Quel était donc cet homme-là, si grand et si noble, qui tout à coup s’exprimait comme un vulgaire commerçant ? – Qu’y avait-il, derrière cette émotion poignante, qui se muait soudain en une requête presque ridicule ? – Pourquoi cette mise en scène pour proposer un bibelot ? – Pourquoi, surtout, cette insistance à vouloir être reçu le jour même ? – Fallait-il lui en demander compte, ou attendre plutôt qu’il voulût bien s’expliquer ?

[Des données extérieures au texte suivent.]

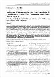 The present study was planned to investigate the role of sex hormone receptor gene expression in thepathogenesis of hepatocellular carcinoma (HCC). Adult male Wistar rats were divided into seven groups. Group(1) was negative control. Groups (2), (5), (6), and (7) were orally administered with N-nitrosodiethylamine forthe induction of HCC, then group (2) was left untreated, group (5) was orally treated with curcumin, group(6) was orally treated with carvacrol, and group (7) was intraperitoneally injected with doxorubicin, whereasgroups (3) and (4) were orally administered only curcumin and carvacrol, respectively. The HCC group showedsignificant upregulation in the androgen receptor (AR) and the estrogen receptor-alpha (ERα) gene expressionlevels in the liver tissue. On the contrary, HCC groups treated with either curcumin or carvacrol showedsignificant downregulation in AR and ERα gene expression levels in the liver tissue. In conclusion, the obtaineddata highlight that both AR and ERα but not estrogen receptor-beta (ERβ) gene expression may contribute tothe male prevalence of HCC induced in male rats. Interestingly, both curcumin and carvacrol were found tohave a promising potency in alleviating the male predominating HCC.
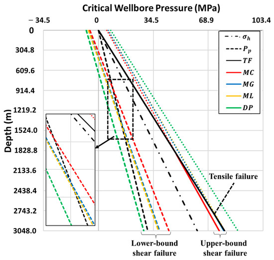 Figure 6 shows the critical wellbore pressure at shear and tensile failures for the extensional basin case. In accordance with the calculated safe windows of the other two cases of Andersonian tectonics (Figure 2 and Figure 4), the safe drilling windows calculated by the Drucker–Prager and Mohr–Coulomb criteria again have the widest and narrowest widths (Figure 6), respectively. The result from the Mohr–Coulomb criterion shows that the upper-bound shear failure is expected for the wellbore pressure exceeding the critical pressure at depth greater than 2905 m. For the other shear failure criteria, tensile failure will be more likely to occur than shear failure for the entire 3048 m deep well. As the dashed lines in Figure 6 indicate, the critical wellbore pressure at the lower-bound of the safe window is lower than the pore pressure at specific depths. According to the Mohr–Coulomb, Mogi–Coulomb and modified Lade criteria, the shear failure can occur even when the wellbore is maintained over-balanced at a depth greater than 1188, 1864, or 2002 m (magnified frame (a) in Figure 6). However, the result from the Drucker–Prager criterion shows that shear failure can be prevented at all depths up to 3048 m deep, even when the wellbore fluid pressure is lower (underbalanced) than the pore pressure. Compared to the other Andersonian cases (Figure 2 and Figure 4), the interval that requires higher wellbore pressure than the pore pressure is located at deeper formations for the extensional basin (Table 4). Our conclusion is that the normal faulting case is the Andersonian case with the deepest intervals requiring overbalanced drilling to support wellbore stability.
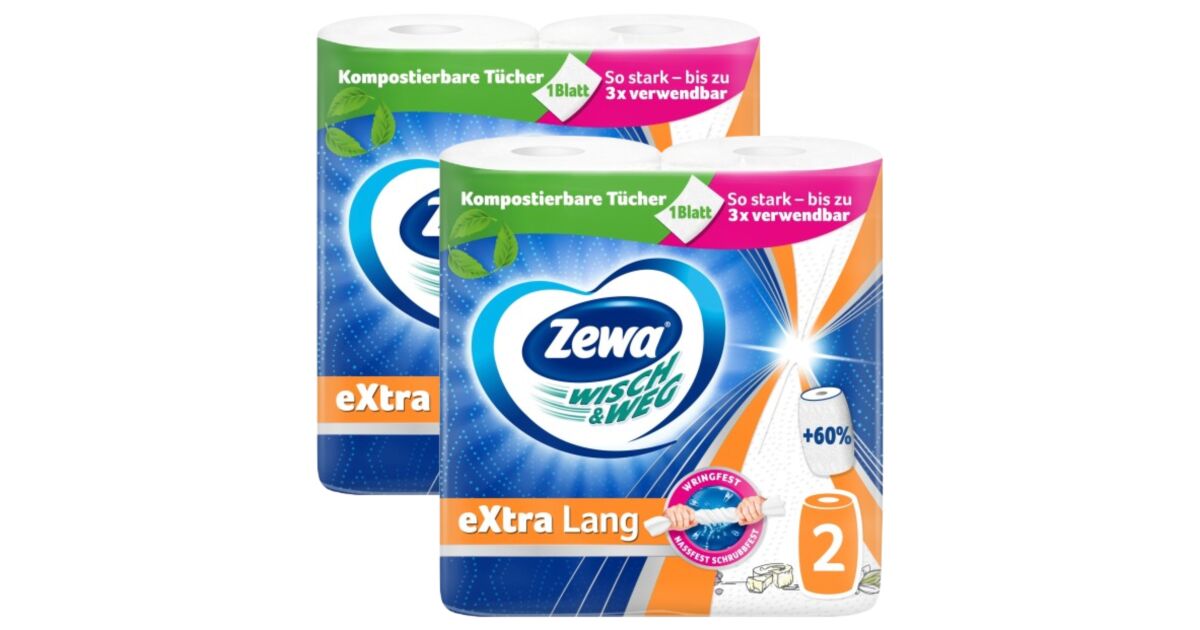 Zewa Wisch & Weg Extra Lang Design 2-пластови хартиени кърпи за домакинството 2x2 ролки описание на...
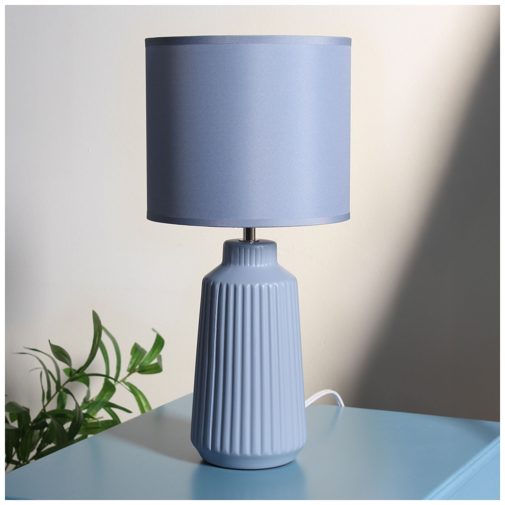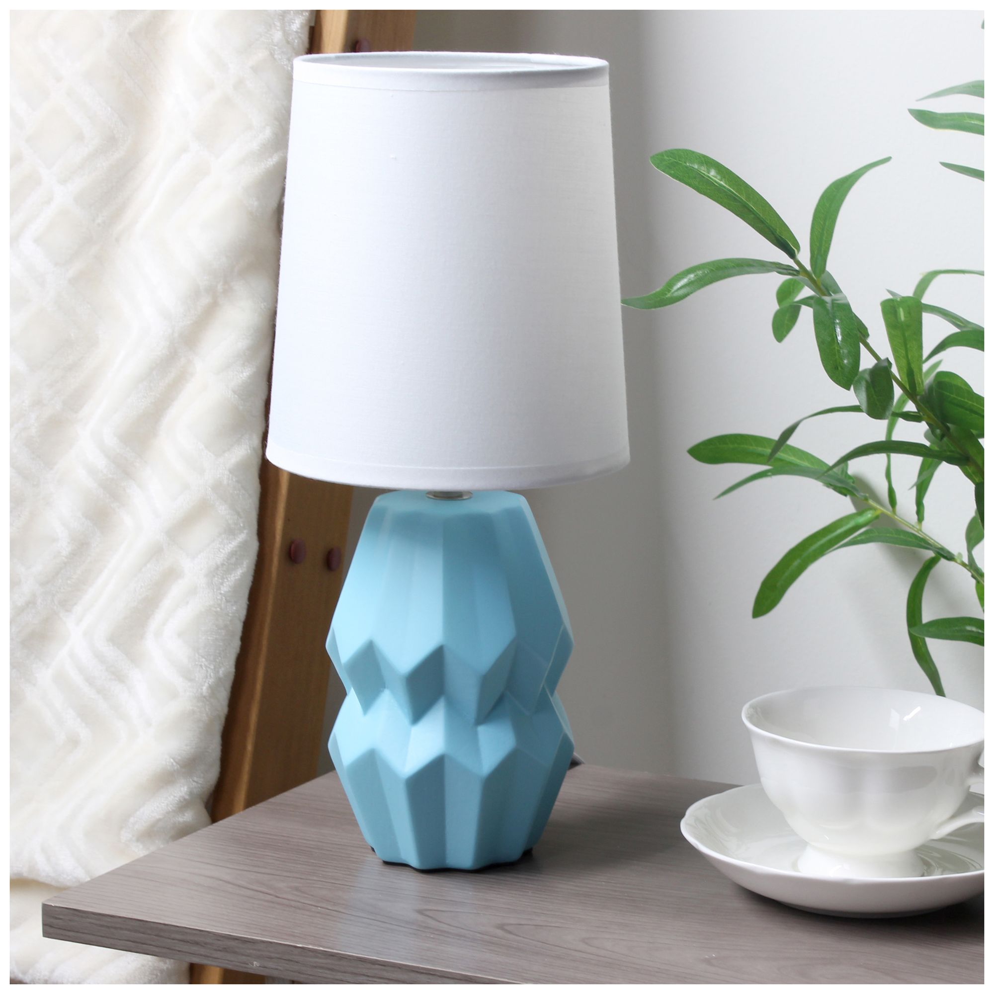 Simple Designs 12.5" Chic Glow Ceramic Table Lamp, Wht Fbc Shade, Baby Blue
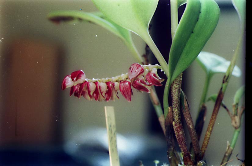 Found in Ecuador at elevations of 2730 to 2850 meters as a miniature sized, cold growing miniature epiphyte with stout erect ramicauls enveloped by 2 to 3, loose, tubular sheaths and carrying a single, apical, ovate, rounded, abruptly narrowing below into the shortly petiolate base leaf that blooms in the winter on an erect, 2.4" [6 cm] long, several flowered infloresence.
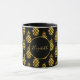 Un motif d'ananas tropical moderne teinté de faux or.  Le noir est élégant et classique comme la couleur arrière - plan.  Écriture de style et modèle de couleur or en lettres manuscrites pour votre nom.
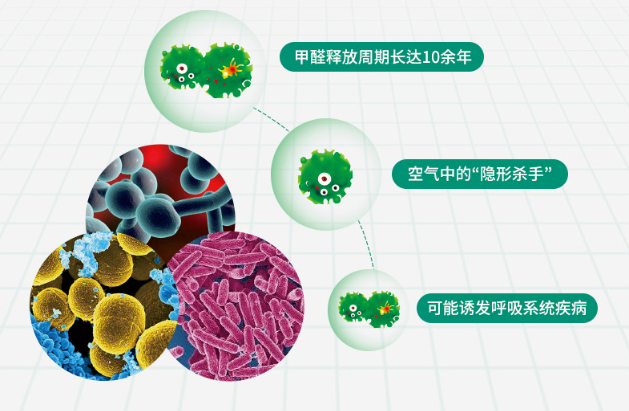细菌、病毒在生活中无处不在,一旦温湿度适宜,它们就会疯狂繁殖。为了应对这一挑战,兔宝宝除醛抗菌生态板中的纳米银和纳米硅发挥了重要作用。它们通过改变细菌(如大肠杆菌、金黄色葡萄球菌等)的DNA结构,对细菌进行杀灭,灭菌率高达99%以上,达到了强抗细菌级的效果。
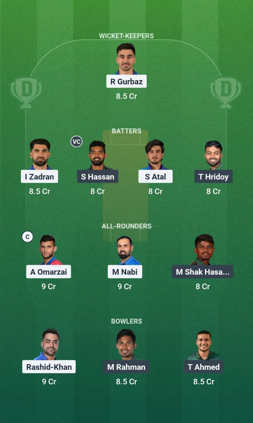Suggested Playing XI N0.1 for AFG vs BAN Dream11 Team:
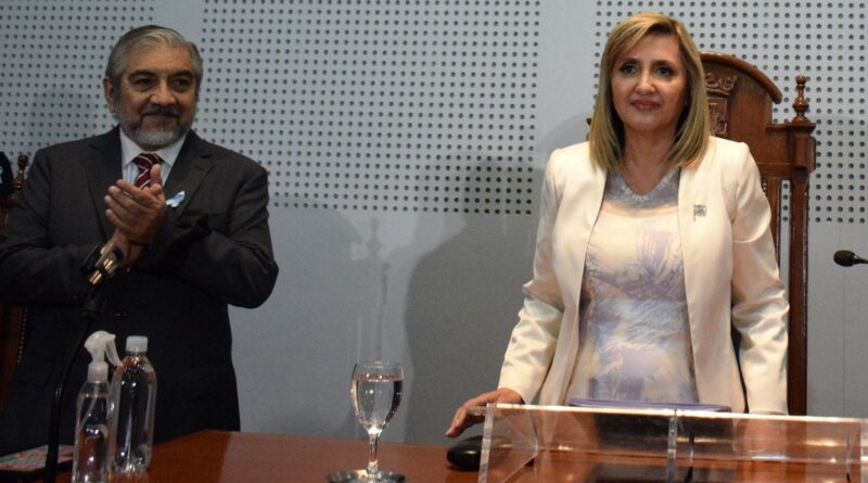Pasadas las 18.50 llegó al edificio del Concejo Deliberante de la Capital, la intendente Ing. Norma Fuentes que fue recibida por el presidente del legislativo municipal y demás miembros del Cuerpo y autoridades comunales. Siguiendo con el protocolo, ingresaron al recinto y la jefa comunal realizó la firma en el libro de actas.
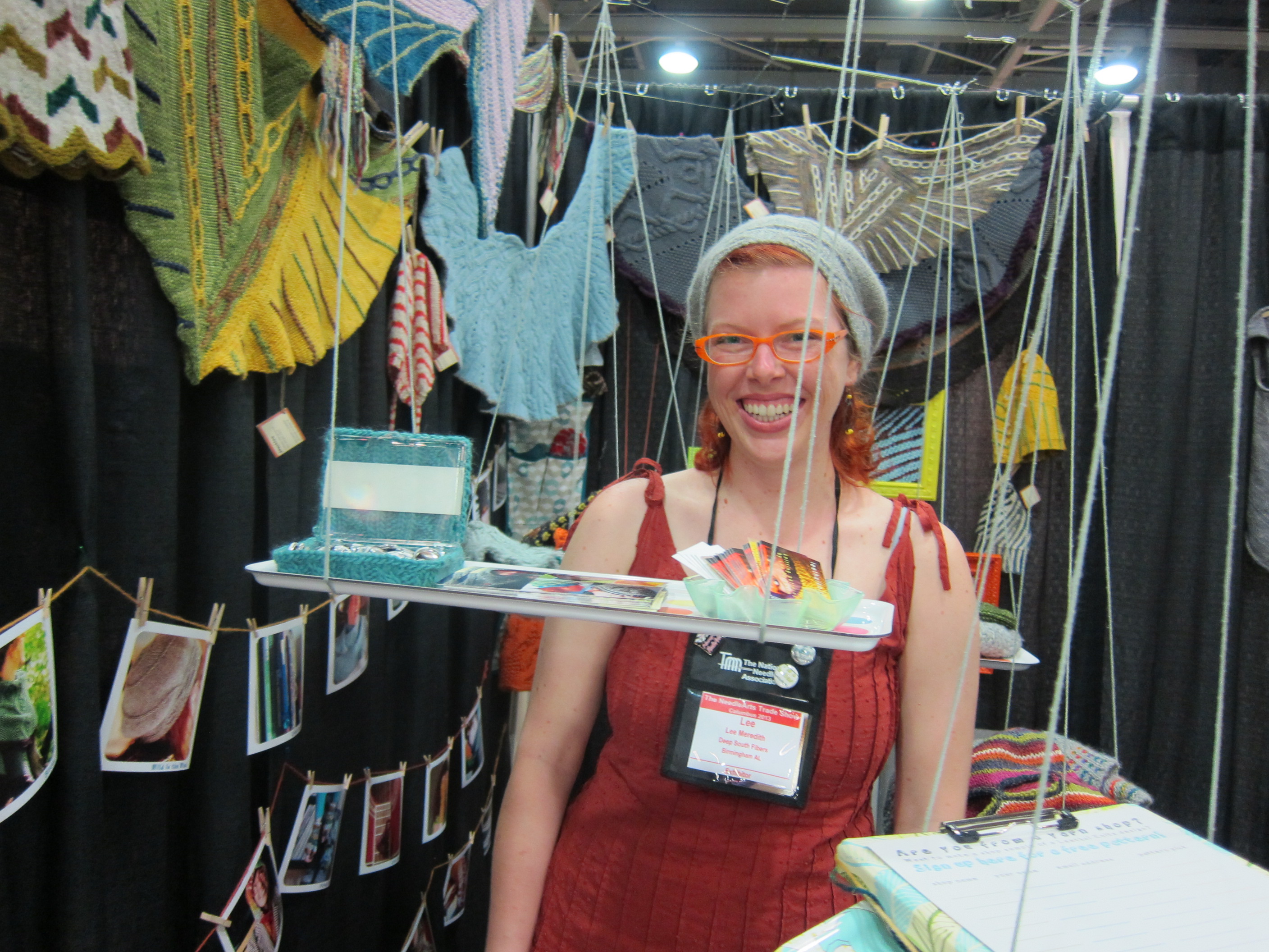 So my business cards, postcards, buttons, and lots of smaller sample knits, were all on the tray tables. It was a bit unwieldy, functionally-speaking… people were afraid if they walked into the booth and bumped into the trays everything would fall; but that wasn’t true, I made sure they were very stable. Overall, it didn’t turn out perfectly, but I was pretty happy with the booth setup 🙂

Quel était-il, celui-là ? Et pourrais-je découvrir son secret ?…
À l’œuvre d’art, je ne croyais guère : j’en entendais tant chaque jour ! J’en avais tant entendu le matin même encore !…
Mais ma conduite était en somme toute tracée. Que pouvais-je faire de plus ou de moins que de lui dire :
« Monsieur, je ne demande pas mieux que de voir rapidement l’objet en question. »
Et comme il remerciait d’un nouveau geste :
« L’avez-vous ici, monsieur, ou bien devons-nous convenir d’un rendez-vous ?
– Je l’ai apporté avec moi, me dit-il en se levant, et l’ai déposé dans le corridor. »
Je sonnai le domestique et le priai d’aller chercher le paquet.
Il revint avec un petit sac de cuir, le remit au visiteur et sortit.
J’attendais en silence.
Ce fut rapide.
Le vieillard déboucla une courroie, souleva deux agrafes, ouvrit le sac, et posa sur le coin de ma table une petite aiguière en or.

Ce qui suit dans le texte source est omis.